For over ten years as an illustrator, I did a small papercut a month for The United Church Observer. Some years back I started doing larger pieces. As a way to translate drawings it’s kind of a wonderful challenge. Lines can’t be too skinny because they need to be cut and also every element acts as an anchors for whatever other cut elements are around it. Nothing can float free or be an island; every line or shape has to be attached. You’re working with only two values: the dark paper you cut (I always use black) and the lighter value of the mat against which you display the cut image. A cut line has graphic strength.
Life is a Parade
Of the three underwater images, the two single figures were painted in gouache. The others are acrylic on 300 lb. paper. Betsy and Mandy curled up at my feet on the verandah at Moya’s house in La Fortuna, on the Ecuadorian coast. I love their shape. Neither dog is alive now. Mandy was Betsy’s daughter. I think it was 2008. That’s the same year, I think, that I took that photo in the Fiestas of Canoa, of the grumpy little princess. The three swimmers are sisters: Taty, Sioban and Daphne. I’m their comadre, along with Kim Mcghee. We are collectively known as Kimelley.
Betsy & Mandy
At the core of this series are 12 pieces created from ‘96-‘97 in Ecuador. I was renting an adobe house overlooking a section of El Valle de los Chillos. I thought I was going to the equator to write, but the words didn’t come. The same thing happened to P.K. Page when she got to Brazil, so she started to draw. (Her book Brazilian Journal is a magnificent account of the impact on creativity of an intense tropical culture.)

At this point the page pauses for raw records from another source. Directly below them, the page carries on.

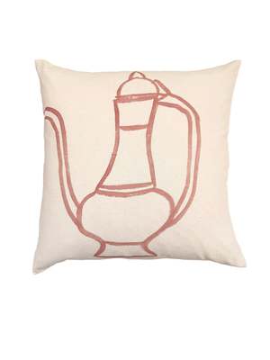 Our new pillow collectsion brings a quiet, everyday ritual into the home. Each piece features hand-painted teapots and coffee makers, created in our studio in a warm, earthy brown palette. The fabric is entirely handwoven cotton, made without any chemicals, carrying the subtle texture and irregularity that make each piece unique. Thoughtfully crafted, these pillows blend art, function, and a sense of calm. Insert included with feather and down. Somnath is the artisan from West Bengal who hand spun and wove this cotton fabric. This pillow is dyed, cut, sewn, and hand-stitched in Rajasthan, India. Care: Cold hand wash separately. Refresh with gentle soap, or gently rub by hand. Use a natural detergent that does not contain citrus or other acidic oil scents. Machine dry on low or hang dry out of direct sunlight. This product has been dyed or block-printed using ancient techniques. Colors may gradually change over time.
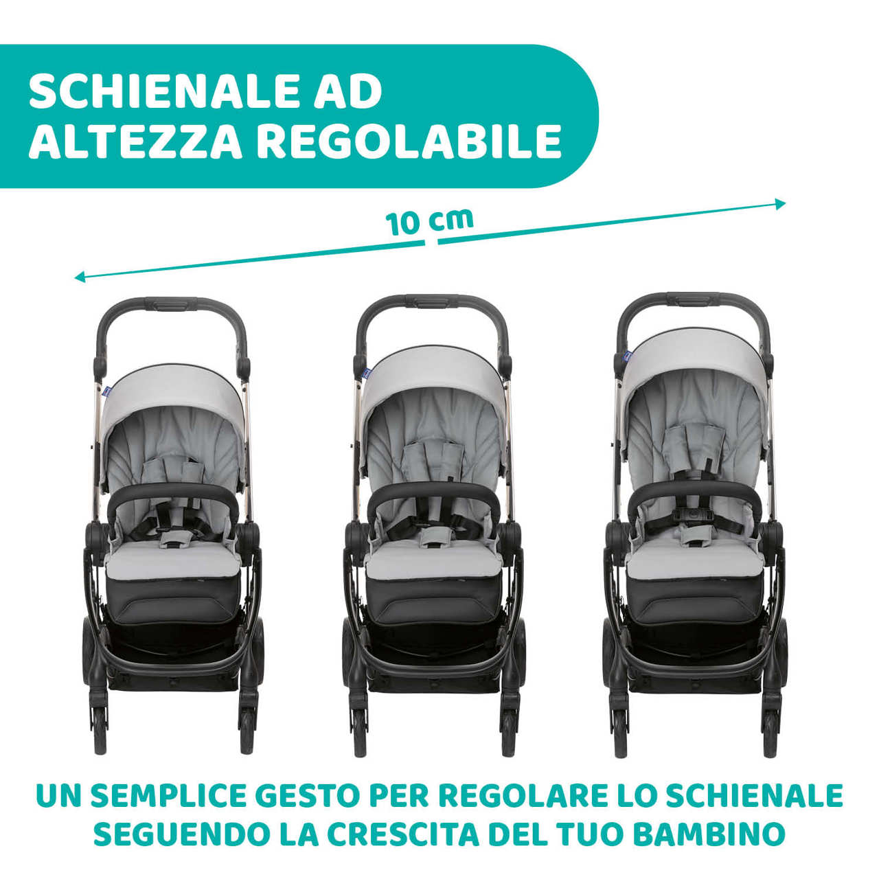 Lo schienale della prima seduta è regolabile con un semplice gesto in 3 diverse altezze, per adattarsi perfettamente ad ogni fase della crescita del bambino. Campo di regolazione: 10 cm. Le bretelle sono regolabili insieme allo schienale.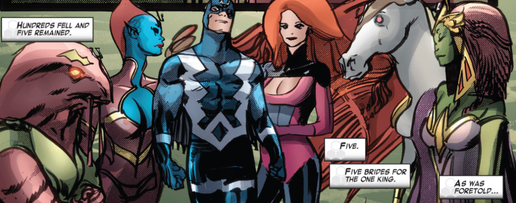 Trivia time: The names of some of Black Bolt’s new brides are familiar, or are they? The Centaurian is Oola Udonta, whom the Marvel Wiki says “may be” related to Yondu Udonta from Guardians of the Galaxy, and the Kymellian is Onomi Whitemane, with no note whatsoever whether she is related to Aelfyre Whitemane from Power Pack.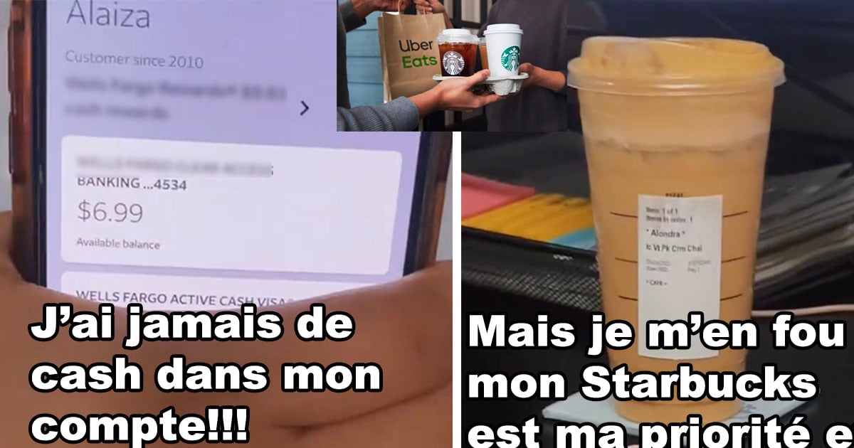 Sur cette photo, une fille montre fièrement son solde de 6.99$ tout en montrant le gros café glacé qu’elle vient de s’acheter au Starbucks… en passant par UberEats: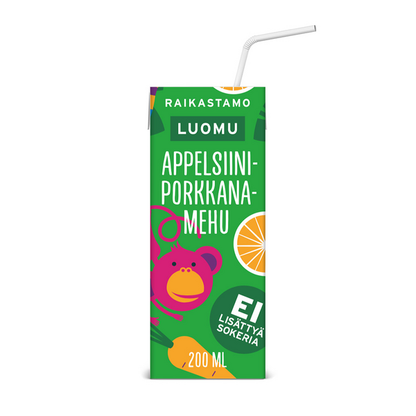 Raikastamon luomu appelsiini-porkkana pillimehu on raikas juoma, jossa ei ole lainkaan lisättyä sokeria. Mehu on virkistävä välipala ja helppo ottaa mukaan retkille ja leikkipuistoon. Täysmehupitoisuus 90 %. Säilyy avaamattomana huoneenlämmössä. LUOMU
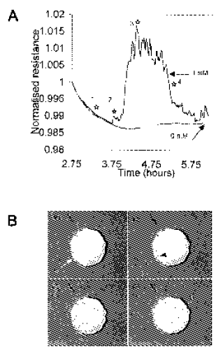 ECIS圓孔電極首先包被明膠層,然后HUVEC細(xì)胞懸液加入到板孔中,在加入細(xì)胞后的2個(gè)小時(shí)形成單細(xì)胞層:

The torso images were based on photographs of models but I thought of them less as nudes than as portraits of emotional states. I was working in a medium I’ll call painterly collage where torn bits of paper (often old paintings and drawings) were made to mimic a brushstroke. There are layers and layers of paint, mostly glazes, on these. The images measure around 18X24”—a full sheet of watercolour paper. I’d puddle on the colour, wait a minute, then wipe most of it off. The paint is absorbed more by the raw paper than on the collaged sections—that’s why there are those denser wedges of saturated colour. Each piece took about a month.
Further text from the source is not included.